What this task involves: In the listing below, locate the line that contains "Painting and Art" and the line that contains "Do thearmann príobháideach". Restate word for word those two lines and every line between them, and nothing else.

Information:
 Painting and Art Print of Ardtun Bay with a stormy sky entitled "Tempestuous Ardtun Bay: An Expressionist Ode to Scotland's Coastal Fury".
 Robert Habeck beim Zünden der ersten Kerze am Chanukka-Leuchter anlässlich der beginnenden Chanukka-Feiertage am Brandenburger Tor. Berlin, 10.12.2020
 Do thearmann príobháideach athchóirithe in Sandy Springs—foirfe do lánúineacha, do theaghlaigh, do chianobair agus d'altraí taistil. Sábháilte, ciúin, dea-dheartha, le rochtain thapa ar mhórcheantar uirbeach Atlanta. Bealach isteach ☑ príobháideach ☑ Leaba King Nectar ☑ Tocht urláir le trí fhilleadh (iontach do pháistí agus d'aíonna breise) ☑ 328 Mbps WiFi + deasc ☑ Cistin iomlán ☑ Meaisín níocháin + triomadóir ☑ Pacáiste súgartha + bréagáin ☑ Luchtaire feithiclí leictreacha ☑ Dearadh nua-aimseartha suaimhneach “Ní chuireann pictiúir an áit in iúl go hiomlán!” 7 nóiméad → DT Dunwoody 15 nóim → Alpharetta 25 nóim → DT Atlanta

...

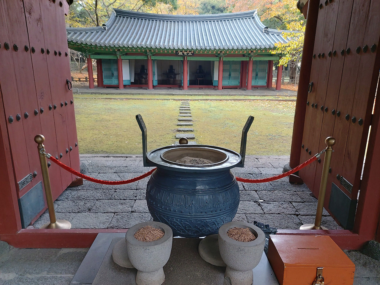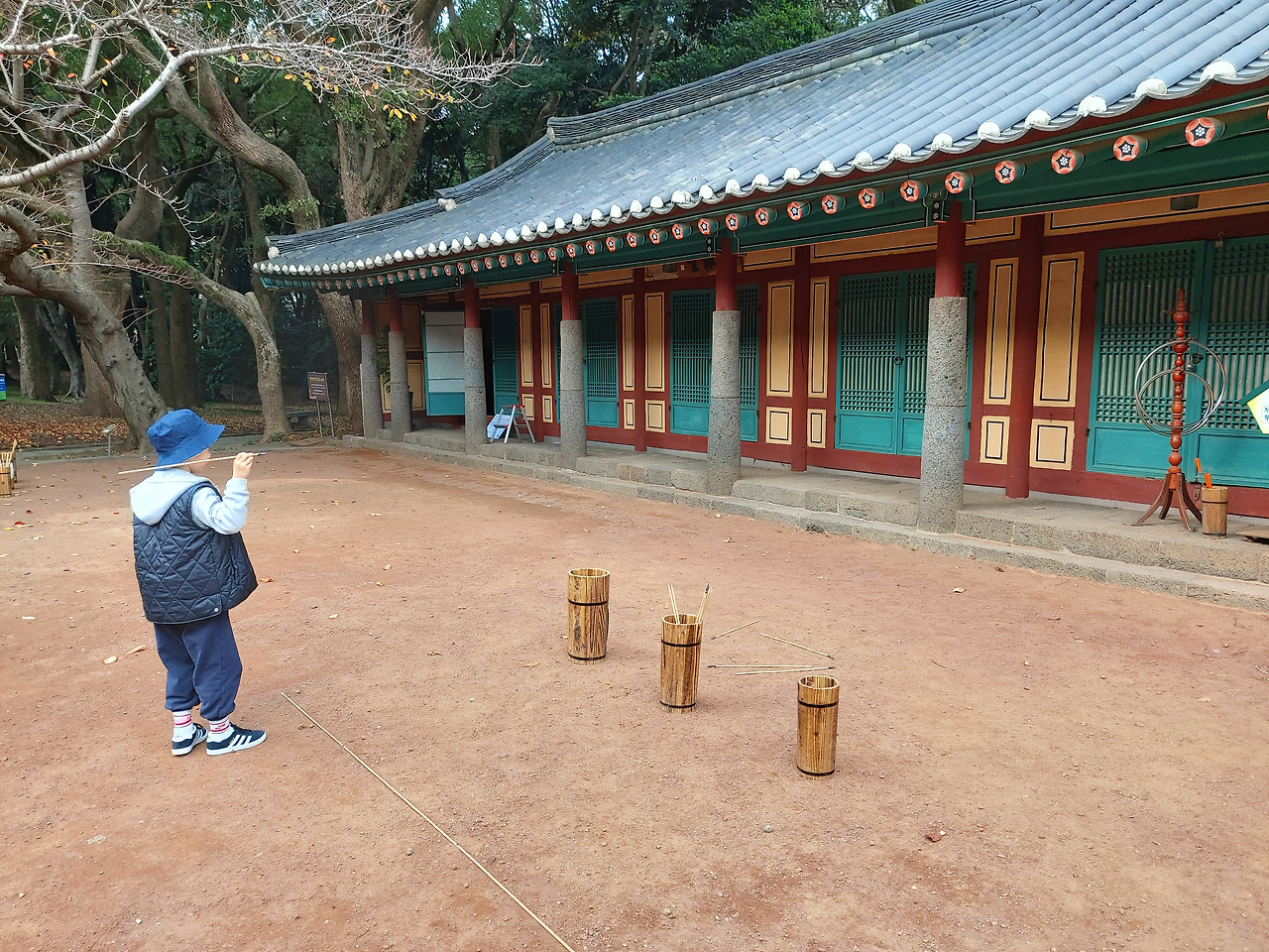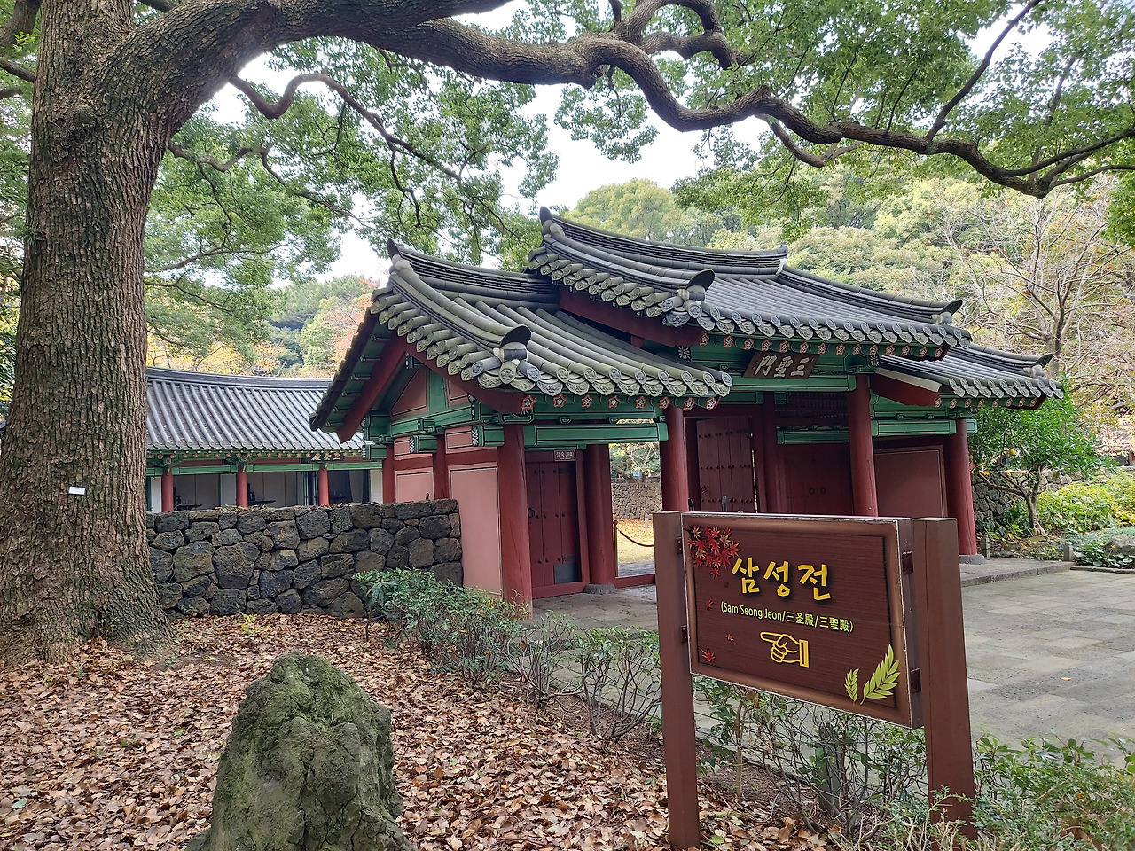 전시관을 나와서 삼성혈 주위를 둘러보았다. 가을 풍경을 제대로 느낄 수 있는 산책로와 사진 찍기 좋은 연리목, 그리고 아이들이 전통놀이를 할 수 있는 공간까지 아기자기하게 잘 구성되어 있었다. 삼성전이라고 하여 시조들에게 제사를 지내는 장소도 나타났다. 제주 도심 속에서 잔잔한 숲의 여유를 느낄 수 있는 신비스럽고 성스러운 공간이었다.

Problem solution:
 Painting and Art Print of Ardtun Bay with a stormy sky entitled "Tempestuous Ardtun Bay: An Expressionist Ode to Scotland's Coastal Fury".
 Robert Habeck beim Zünden der ersten Kerze am Chanukka-Leuchter anlässlich der beginnenden Chanukka-Feiertage am Brandenburger Tor. Berlin, 10.12.2020
 Do thearmann príobháideach athchóirithe in Sandy Springs—foirfe do lánúineacha, do theaghlaigh, do chianobair agus d'altraí taistil. Sábháilte, ciúin, dea-dheartha, le rochtain thapa ar mhórcheantar uirbeach Atlanta. Bealach isteach ☑ príobháideach ☑ Leaba King Nectar ☑ Tocht urláir le trí fhilleadh (iontach do pháistí agus d'aíonna breise) ☑ 328 Mbps WiFi + deasc ☑ Cistin iomlán ☑ Meaisín níocháin + triomadóir ☑ Pacáiste súgartha + bréagáin ☑ Luchtaire feithiclí leictreacha ☑ Dearadh nua-aimseartha suaimhneach “Ní chuireann pictiúir an áit in iúl go hiomlán!” 7 nóiméad → DT Dunwoody 15 nóim → Alpharetta 25 nóim → DT Atlanta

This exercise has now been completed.